■ **Information provided**:
+===+

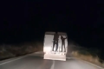 Bursa’da kamyonetin arkasında asılı giden baba ve oğlu, canlarını hiçe saydı. Arkadan gelen otomobil için de tehlike saçan 2 kişi, inişli çıkışlı virajlı yolda asılı bir şekilde ilerlemeye devam etti.
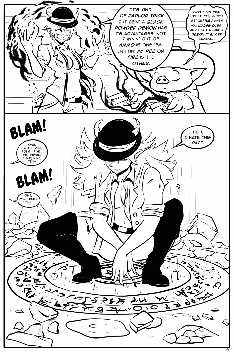 Tarnation Lucille is a half-demon, half-mortal gunslinger who blasts her way through the wild and weird west with her loyal , albeit timid, pig sidekick, Shatso and the power of black powder. No challenge is too big, too petty or too bizarre, as they face off against mutants and monsters, bandits and banshees. Each chapter is an individual thrilling and humorous stand alone adventure that reveals more of Lucille's gun slinger skills, dark birthright and inner conflict, as she tries to find her place in a world that rejects both her demonic and human sides. Inspired by the early 90s manga era, “Tarnation Lucille” is a homage to the works of Akira Toriyama and Johji Manabe (Caravan Kidd, Outlanders) with a twist of humor, horror, fantasy and a little of “The Good, The Bad and The Ugly” thrown in. In this first adventure, Lucille and Shatso stumble across a desert spring town with a terrifying secret.
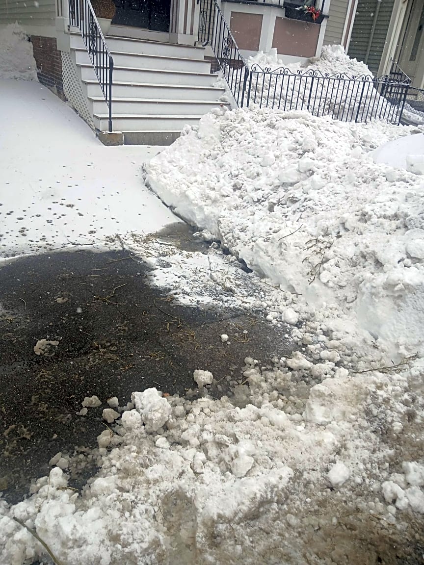 58 Forest St, Roxbury, Ma, 02119After I cleaned the sidewalk, people piled snow in front of our driveway, partially blocking it. Is that something that can/will be plowed, or is it my responsibility? Thank you
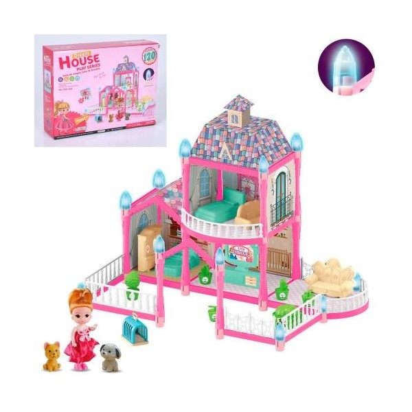 >Дитячі товари для дівчаток>Будиночок 556-45 A поверхи-2, 46-30-в41 см, світло, меблі, лялька 10см, тварини, будка, 120д ет, на батарейках (таб), в коробці
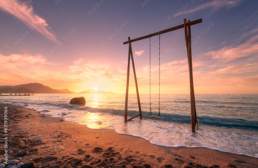Rocky winter coastline with orange seaweed on dark stones, waves hitting the shore and a snow-covered mountain. Arctic landscape with rocks, stones, sea, dramatic cloudy sky. Lofoten Islands, Norway
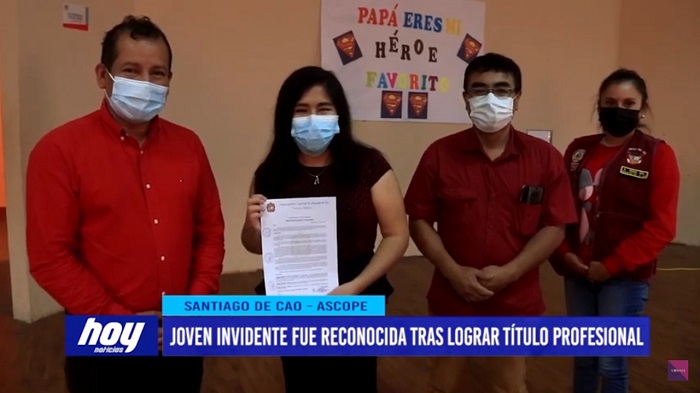Tras este gran paso, la Municipalidad de Santiago de Cao, en una ceremonia realizada en la casa de la cultura de Cartavio, reconoció a esta joven invidente quien a los 10 años de edad perdió la vista, dejó de estudiar, pero lo culminó mediante un colegio no escolarizado, para después de una dura preparación ingresar al conservatorio Carlos Valderrama y hoy convertirse en esta destacada profesional en la música.
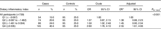 The results of logistic regression analyses are shown in Table 3. A higher DII score (indicating a more pro-inflammatory diet) was associated with an increased risk of oesophageal cancer, with a significant dose–response relationship (P trend<0·001). The adjusted OR was 2·55 (95 % CI 1·61, 4·06) for participants in the highest quartile of DII scores compared with those in the lowest quartile. Belonging to an ethnic minority group (adjusted OR 1·86; 95 % CI 1·24, 2·80), having a family history of oesophageal cancer (adjusted OR 2·74; 95 % CI 1·60, 4·66), an education level lower than secondary school (adjusted OR 1·82; 95 % CI 1·09, 3·06) and smoking (adjusted OR 1·59; 95 % CI 1·07, 2·36) also were significantly and independently associated with an elevated risk of oesophageal cancer. None of their interactions with DII was found to be significant.
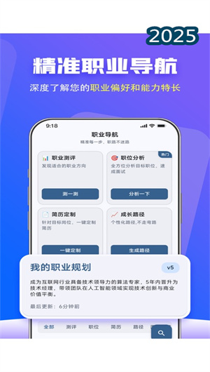 职路APP通过创新的人工智能技术和专业的职业发展方法论,为用户打造了全方位的职业成长平台。智能化的测评系统与个性化的规划服务相结合,帮助用户精准定位职业方向,优化发展路径。持续的技术升级和服务优化,使平台始终保持行业领先水平。未来,我们将继续深化AI技术应用,拓展服务领域,完善生态系统,为更多职场人士提供更加精准、高效的专业服务,助力每一位用户实现职业理想,让职业发展之路更加顺畅光明。
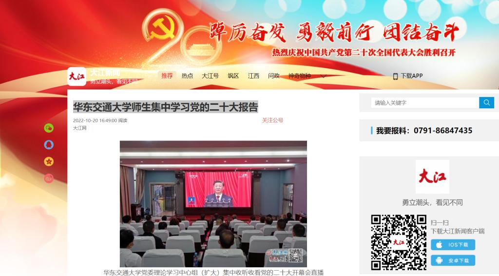 华东交通大学党委理论学习中心组(扩大)集中收听收看党的二十大开幕会直播
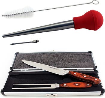 Pakka's 3pc Carving set has triple-riveted wood handle ensures superior balance and comfort. The carving-style blade makes cutting meat and poultry effortless. Forged of high-carbon stainless steel. This quality baster by BergHOFF was crafted from surgical-grade stainless steel for long-lasting use. The all-in-one set comes with a cleaning brush for those hard to reach spots and a bulb that removes easily, making clean up a breeze. Use the stainless needle for tenderizing and adding flavor to meats and poultry or the bulb applicator for maintaining moisture in your meals. Ideal for roasting, barbequing, or smoking cooking methods. - Set of 6 - Imported Set includes: - 6" carving fork - 8" carving knife - 14" x 4" aluminum storage case - 1x baster - 1x baster cleaning brush - 1x injector Orders cannot be shipped to Canada, Puerto Rico, APO, FPO or P.O. Boxes.
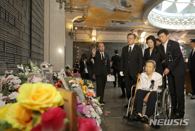 문 대통령 내외, '재일학도의용군 및 애국지사 위패 참배'
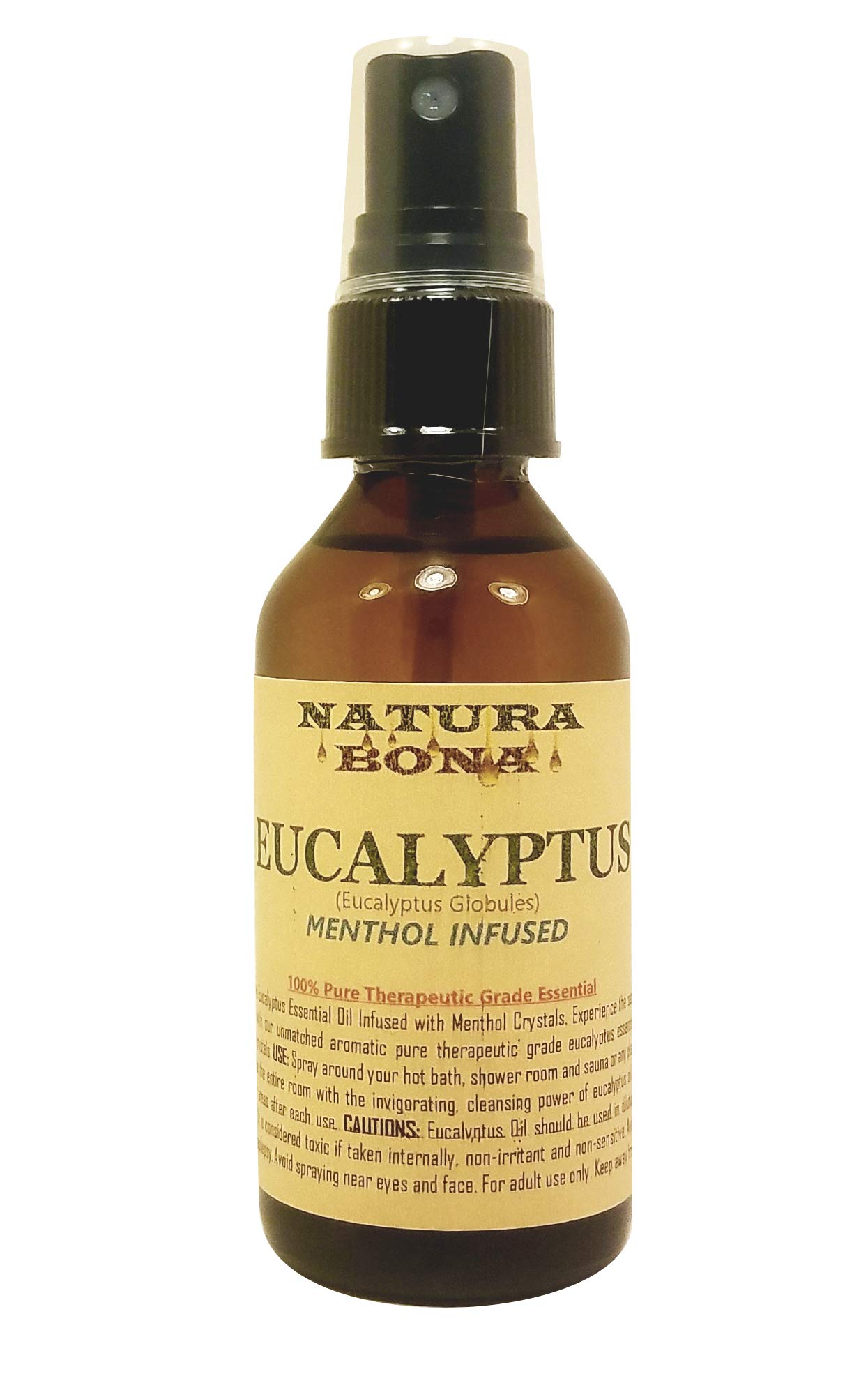 100 Pure Eucalyptus Oil please use sparingly. Only a small spray amount is needed. Freshen restrooms instantly. Provides help with respiratory inflammation. Removes stale air and eliminates smoke, food and pet odors. Enjoy all the aromatic and health benefits of pure eucalyptus essential oil. Use around your hot bath, shower room and sauna or any place where steam is generated to infuse the entire room with the invigorating, cleansing power of eucalyptus oil. Natura Bonas 100 pure eucalyptus essential oil Infused with Menthol Crystals for Steam Rooms and Showers 2 oz Amber Glass Fine Mist Spray Bottle.

+===+

■ **Problem requirements**: The data above needs to be retyped exactly, with the images left out.

■ **Exercise answer**:
 Bursa’da kamyonetin arkasında asılı giden baba ve oğlu, canlarını hiçe saydı. Arkadan gelen otomobil için de tehlike saçan 2 kişi, inişli çıkışlı virajlı yolda asılı bir şekilde ilerlemeye devam etti.
 Tarnation Lucille is a half-demon, half-mortal gunslinger who blasts her way through the wild and weird west with her loyal , albeit timid, pig sidekick, Shatso and the power of black powder. No challenge is too big, too petty or too bizarre, as they face off against mutants and monsters, bandits and banshees. Each chapter is an individual thrilling and humorous stand alone adventure that reveals more of Lucille's gun slinger skills, dark birthright and inner conflict, as she tries to find her place in a world that rejects both her demonic and human sides. Inspired by the early 90s manga era, “Tarnation Lucille” is a homage to the works of Akira Toriyama and Johji Manabe (Caravan Kidd, Outlanders) with a twist of humor, horror, fantasy and a little of “The Good, The Bad and The Ugly” thrown in. In this first adventure, Lucille and Shatso stumble across a desert spring town with a terrifying secret.
 58 Forest St, Roxbury, Ma, 02119After I cleaned the sidewalk, people piled snow in front of our driveway, partially blocking it. Is that something that can/will be plowed, or is it my responsibility? Thank you
 >Дитячі товари для дівчаток>Будиночок 556-45 A поверхи-2, 46-30-в41 см, світло, меблі, лялька 10см, тварини, будка, 120д ет, на батарейках (таб), в коробці
Rocky winter coastline with orange seaweed on dark stones, waves hitting the shore and a snow-covered mountain. Arctic landscape with rocks, stones, sea, dramatic cloudy sky. Lofoten Islands, Norway
Tras este gran paso, la Municipalidad de Santiago de Cao, en una ceremonia realizada en la casa de la cultura de Cartavio, reconoció a esta joven invidente quien a los 10 años de edad perdió la vista, dejó de estudiar, pero lo culminó mediante un colegio no escolarizado, para después de una dura preparación ingresar al conservatorio Carlos Valderrama y hoy convertirse en esta destacada profesional en la música.
 The results of logistic regression analyses are shown in Table 3. A higher DII score (indicating a more pro-inflammatory diet) was associated with an increased risk of oesophageal cancer, with a significant dose–response relationship (P trend<0·001). The adjusted OR was 2·55 (95 % CI 1·61, 4·06) for participants in the highest quartile of DII scores compared with those in the lowest quartile. Belonging to an ethnic minority group (adjusted OR 1·86; 95 % CI 1·24, 2·80), having a family history of oesophageal cancer (adjusted OR 2·74; 95 % CI 1·60, 4·66), an education level lower than secondary school (adjusted OR 1·82; 95 % CI 1·09, 3·06) and smoking (adjusted OR 1·59; 95 % CI 1·07, 2·36) also were significantly and independently associated with an elevated risk of oesophageal cancer. None of their interactions with DII was found to be significant.
 职路APP通过创新的人工智能技术和专业的职业发展方法论,为用户打造了全方位的职业成长平台。智能化的测评系统与个性化的规划服务相结合,帮助用户精准定位职业方向,优化发展路径。持续的技术升级和服务优化,使平台始终保持行业领先水平。未来,我们将继续深化AI技术应用,拓展服务领域,完善生态系统,为更多职场人士提供更加精准、高效的专业服务,助力每一位用户实现职业理想,让职业发展之路更加顺畅光明。
 华东交通大学党委理论学习中心组(扩大)集中收听收看党的二十大开幕会直播
 Pakka's 3pc Carving set has triple-riveted wood handle ensures superior balance and comfort. The carving-style blade makes cutting meat and poultry effortless. Forged of high-carbon stainless steel. This quality baster by BergHOFF was crafted from surgical-grade stainless steel for long-lasting use. The all-in-one set comes with a cleaning brush for those hard to reach spots and a bulb that removes easily, making clean up a breeze. Use the stainless needle for tenderizing and adding flavor to meats and poultry or the bulb applicator for maintaining moisture in your meals. Ideal for roasting, barbequing, or smoking cooking methods. - Set of 6 - Imported Set includes: - 6" carving fork - 8" carving knife - 14" x 4" aluminum storage case - 1x baster - 1x baster cleaning brush - 1x injector Orders cannot be shipped to Canada, Puerto Rico, APO, FPO or P.O. Boxes.
 문 대통령 내외, '재일학도의용군 및 애국지사 위패 참배'
 100 Pure Eucalyptus Oil please use sparingly. Only a small spray amount is needed. Freshen restrooms instantly. Provides help with respiratory inflammation. Removes stale air and eliminates smoke, food and pet odors. Enjoy all the aromatic and health benefits of pure eucalyptus essential oil. Use around your hot bath, shower room and sauna or any place where steam is generated to infuse the entire room with the invigorating, cleansing power of eucalyptus oil. Natura Bonas 100 pure eucalyptus essential oil Infused with Menthol Crystals for Steam Rooms and Showers 2 oz Amber Glass Fine Mist Spray Bottle.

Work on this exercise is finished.